Exercise goal. Below are entries; output exactly the lines from the one with "- защита конфиденциальности" to the one with "Elektronrör i låda", both included, and nothing else.

•••••

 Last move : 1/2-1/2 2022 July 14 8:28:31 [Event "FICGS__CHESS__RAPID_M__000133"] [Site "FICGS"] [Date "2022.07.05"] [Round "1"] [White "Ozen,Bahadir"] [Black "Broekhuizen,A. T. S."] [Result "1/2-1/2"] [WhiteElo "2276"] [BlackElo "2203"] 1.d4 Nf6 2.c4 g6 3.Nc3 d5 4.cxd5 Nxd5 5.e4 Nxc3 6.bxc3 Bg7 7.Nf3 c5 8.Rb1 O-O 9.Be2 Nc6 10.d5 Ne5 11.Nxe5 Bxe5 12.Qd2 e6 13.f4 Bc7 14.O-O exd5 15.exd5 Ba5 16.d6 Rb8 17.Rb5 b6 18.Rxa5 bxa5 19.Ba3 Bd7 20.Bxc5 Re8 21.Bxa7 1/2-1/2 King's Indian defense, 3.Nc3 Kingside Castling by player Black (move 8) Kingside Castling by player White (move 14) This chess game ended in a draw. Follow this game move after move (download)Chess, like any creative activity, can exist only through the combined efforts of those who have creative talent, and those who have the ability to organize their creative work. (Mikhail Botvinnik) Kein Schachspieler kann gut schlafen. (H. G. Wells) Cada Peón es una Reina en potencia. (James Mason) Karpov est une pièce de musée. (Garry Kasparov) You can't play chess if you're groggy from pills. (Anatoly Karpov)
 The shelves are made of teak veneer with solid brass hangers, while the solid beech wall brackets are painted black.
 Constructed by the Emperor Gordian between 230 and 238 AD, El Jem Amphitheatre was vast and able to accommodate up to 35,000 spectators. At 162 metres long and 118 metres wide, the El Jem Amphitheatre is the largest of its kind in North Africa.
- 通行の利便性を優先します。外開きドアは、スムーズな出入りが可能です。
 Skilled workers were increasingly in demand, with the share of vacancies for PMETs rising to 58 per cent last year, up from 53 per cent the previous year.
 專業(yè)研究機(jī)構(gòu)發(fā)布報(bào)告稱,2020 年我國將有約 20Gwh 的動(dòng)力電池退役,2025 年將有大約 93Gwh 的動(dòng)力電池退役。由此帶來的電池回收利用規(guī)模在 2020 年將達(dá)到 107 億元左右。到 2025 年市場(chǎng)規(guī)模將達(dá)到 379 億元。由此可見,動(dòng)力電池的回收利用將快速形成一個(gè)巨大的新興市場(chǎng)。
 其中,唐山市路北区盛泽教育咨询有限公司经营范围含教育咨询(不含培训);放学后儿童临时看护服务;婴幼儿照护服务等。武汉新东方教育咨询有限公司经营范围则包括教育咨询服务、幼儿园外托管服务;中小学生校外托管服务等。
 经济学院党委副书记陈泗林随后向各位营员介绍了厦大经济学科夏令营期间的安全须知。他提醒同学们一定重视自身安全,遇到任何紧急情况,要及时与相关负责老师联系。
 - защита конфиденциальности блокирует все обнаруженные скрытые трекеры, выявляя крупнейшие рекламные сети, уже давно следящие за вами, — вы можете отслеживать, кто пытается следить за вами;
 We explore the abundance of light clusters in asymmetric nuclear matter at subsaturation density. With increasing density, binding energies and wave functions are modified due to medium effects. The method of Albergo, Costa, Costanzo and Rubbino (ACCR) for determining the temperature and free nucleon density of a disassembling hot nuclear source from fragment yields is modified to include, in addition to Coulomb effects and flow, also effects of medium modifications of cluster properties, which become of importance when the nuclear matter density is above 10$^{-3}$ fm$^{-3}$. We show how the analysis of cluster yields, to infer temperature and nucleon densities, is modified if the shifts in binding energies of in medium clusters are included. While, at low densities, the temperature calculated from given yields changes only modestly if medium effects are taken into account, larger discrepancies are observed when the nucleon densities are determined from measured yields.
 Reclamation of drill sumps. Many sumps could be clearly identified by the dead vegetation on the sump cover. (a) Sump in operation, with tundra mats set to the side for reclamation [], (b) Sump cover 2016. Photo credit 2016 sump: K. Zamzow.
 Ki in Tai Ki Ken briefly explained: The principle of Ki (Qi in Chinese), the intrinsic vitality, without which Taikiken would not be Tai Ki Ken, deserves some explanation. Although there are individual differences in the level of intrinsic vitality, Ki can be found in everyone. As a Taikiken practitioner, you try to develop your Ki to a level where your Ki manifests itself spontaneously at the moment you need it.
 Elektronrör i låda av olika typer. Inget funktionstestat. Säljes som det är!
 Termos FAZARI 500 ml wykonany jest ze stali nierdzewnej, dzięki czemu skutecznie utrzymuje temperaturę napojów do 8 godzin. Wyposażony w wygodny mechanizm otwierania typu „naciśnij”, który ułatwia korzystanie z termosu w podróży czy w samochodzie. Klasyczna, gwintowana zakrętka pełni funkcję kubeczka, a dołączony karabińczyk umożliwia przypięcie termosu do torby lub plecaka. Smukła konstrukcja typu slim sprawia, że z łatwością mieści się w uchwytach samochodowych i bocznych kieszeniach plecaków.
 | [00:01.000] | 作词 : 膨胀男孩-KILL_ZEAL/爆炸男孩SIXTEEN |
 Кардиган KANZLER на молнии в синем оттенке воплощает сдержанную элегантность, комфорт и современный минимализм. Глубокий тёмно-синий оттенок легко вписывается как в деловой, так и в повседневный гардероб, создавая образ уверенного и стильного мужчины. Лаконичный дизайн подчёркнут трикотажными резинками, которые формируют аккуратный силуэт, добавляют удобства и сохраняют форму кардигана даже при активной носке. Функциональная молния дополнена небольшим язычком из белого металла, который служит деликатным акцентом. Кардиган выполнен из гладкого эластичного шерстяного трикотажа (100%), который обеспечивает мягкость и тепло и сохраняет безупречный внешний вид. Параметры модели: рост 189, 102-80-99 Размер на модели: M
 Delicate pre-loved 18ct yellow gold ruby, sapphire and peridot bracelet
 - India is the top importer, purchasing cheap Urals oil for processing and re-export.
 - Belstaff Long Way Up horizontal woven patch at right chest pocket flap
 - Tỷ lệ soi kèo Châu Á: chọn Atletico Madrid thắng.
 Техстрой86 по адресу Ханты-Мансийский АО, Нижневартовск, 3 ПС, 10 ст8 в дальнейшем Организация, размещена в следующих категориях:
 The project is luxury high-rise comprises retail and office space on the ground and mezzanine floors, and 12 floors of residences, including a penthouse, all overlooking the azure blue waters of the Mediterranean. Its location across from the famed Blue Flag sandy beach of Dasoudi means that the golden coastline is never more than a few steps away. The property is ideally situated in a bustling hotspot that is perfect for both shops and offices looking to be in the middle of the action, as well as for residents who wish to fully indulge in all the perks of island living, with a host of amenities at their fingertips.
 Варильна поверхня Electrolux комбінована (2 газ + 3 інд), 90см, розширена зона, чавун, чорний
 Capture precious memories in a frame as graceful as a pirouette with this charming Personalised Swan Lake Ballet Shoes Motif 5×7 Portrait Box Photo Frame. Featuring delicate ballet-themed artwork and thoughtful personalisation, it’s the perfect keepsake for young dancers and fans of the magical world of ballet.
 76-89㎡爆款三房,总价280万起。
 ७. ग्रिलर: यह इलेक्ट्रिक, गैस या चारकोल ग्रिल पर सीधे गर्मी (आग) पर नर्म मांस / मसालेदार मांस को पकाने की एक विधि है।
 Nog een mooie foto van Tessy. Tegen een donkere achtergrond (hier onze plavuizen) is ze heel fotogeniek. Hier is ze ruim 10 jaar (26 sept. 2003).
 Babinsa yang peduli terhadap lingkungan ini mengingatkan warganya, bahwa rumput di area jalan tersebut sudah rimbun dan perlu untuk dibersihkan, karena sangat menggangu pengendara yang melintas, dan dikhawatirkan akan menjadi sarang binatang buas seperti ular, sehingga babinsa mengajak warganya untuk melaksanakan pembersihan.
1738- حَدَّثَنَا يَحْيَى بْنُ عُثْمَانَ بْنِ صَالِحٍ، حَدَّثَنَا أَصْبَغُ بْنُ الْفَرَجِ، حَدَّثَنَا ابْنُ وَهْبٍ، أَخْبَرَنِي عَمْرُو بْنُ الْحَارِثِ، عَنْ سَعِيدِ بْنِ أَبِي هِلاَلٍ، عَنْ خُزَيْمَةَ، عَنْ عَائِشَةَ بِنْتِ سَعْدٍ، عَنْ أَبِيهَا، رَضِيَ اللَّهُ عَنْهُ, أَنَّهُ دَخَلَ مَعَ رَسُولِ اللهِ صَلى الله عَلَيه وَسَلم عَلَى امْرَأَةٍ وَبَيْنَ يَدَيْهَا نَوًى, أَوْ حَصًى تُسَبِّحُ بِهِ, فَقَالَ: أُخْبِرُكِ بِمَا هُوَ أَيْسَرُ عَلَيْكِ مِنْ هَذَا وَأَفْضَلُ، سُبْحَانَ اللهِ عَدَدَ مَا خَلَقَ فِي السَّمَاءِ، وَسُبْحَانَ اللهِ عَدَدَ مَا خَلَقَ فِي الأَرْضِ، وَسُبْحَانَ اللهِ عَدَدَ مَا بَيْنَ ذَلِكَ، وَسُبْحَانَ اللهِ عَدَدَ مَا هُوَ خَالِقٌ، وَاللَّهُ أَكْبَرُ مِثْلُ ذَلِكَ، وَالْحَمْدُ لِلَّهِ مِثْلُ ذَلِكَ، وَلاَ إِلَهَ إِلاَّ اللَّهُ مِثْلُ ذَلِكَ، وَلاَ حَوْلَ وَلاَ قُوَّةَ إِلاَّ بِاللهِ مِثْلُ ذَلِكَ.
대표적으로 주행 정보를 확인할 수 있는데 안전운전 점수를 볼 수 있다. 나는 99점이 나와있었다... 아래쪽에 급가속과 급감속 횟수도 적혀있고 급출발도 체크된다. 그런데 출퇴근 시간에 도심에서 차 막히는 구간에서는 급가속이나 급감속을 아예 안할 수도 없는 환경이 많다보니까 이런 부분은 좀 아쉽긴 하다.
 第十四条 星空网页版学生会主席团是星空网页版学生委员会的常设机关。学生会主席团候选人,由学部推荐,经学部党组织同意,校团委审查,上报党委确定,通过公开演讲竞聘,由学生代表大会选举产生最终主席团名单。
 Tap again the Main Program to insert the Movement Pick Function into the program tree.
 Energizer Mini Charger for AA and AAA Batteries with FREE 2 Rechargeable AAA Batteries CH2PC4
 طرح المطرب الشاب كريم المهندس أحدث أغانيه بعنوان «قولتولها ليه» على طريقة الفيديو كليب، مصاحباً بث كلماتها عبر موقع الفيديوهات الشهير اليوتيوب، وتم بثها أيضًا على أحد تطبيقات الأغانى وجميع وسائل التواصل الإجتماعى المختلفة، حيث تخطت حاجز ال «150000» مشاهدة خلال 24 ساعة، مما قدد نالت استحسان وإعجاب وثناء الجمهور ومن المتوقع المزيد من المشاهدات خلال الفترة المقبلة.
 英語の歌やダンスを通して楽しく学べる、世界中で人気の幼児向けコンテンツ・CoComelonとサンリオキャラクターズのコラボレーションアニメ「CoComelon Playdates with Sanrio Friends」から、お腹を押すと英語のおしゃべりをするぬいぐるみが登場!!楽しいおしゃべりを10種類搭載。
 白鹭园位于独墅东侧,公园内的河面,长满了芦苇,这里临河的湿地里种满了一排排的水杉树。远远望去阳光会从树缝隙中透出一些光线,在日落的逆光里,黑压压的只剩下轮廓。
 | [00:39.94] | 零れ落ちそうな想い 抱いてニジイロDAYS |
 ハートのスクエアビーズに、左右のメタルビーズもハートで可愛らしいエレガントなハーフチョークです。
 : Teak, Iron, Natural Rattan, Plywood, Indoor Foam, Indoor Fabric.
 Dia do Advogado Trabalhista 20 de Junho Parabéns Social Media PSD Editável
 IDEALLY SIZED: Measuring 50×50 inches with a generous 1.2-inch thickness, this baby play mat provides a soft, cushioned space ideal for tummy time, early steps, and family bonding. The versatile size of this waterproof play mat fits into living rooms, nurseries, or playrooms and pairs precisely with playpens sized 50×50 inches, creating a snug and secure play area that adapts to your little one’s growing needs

•••••

Response.
 - защита конфиденциальности блокирует все обнаруженные скрытые трекеры, выявляя крупнейшие рекламные сети, уже давно следящие за вами, — вы можете отслеживать, кто пытается следить за вами;
 We explore the abundance of light clusters in asymmetric nuclear matter at subsaturation density. With increasing density, binding energies and wave functions are modified due to medium effects. The method of Albergo, Costa, Costanzo and Rubbino (ACCR) for determining the temperature and free nucleon density of a disassembling hot nuclear source from fragment yields is modified to include, in addition to Coulomb effects and flow, also effects of medium modifications of cluster properties, which become of importance when the nuclear matter density is above 10$^{-3}$ fm$^{-3}$. We show how the analysis of cluster yields, to infer temperature and nucleon densities, is modified if the shifts in binding energies of in medium clusters are included. While, at low densities, the temperature calculated from given yields changes only modestly if medium effects are taken into account, larger discrepancies are observed when the nucleon densities are determined from measured yields.
 Reclamation of drill sumps. Many sumps could be clearly identified by the dead vegetation on the sump cover. (a) Sump in operation, with tundra mats set to the side for reclamation [], (b) Sump cover 2016. Photo credit 2016 sump: K. Zamzow.
 Ki in Tai Ki Ken briefly explained: The principle of Ki (Qi in Chinese), the intrinsic vitality, without which Taikiken would not be Tai Ki Ken, deserves some explanation. Although there are individual differences in the level of intrinsic vitality, Ki can be found in everyone. As a Taikiken practitioner, you try to develop your Ki to a level where your Ki manifests itself spontaneously at the moment you need it.
 Elektronrör i låda av olika typer. Inget funktionstestat. Säljes som det är!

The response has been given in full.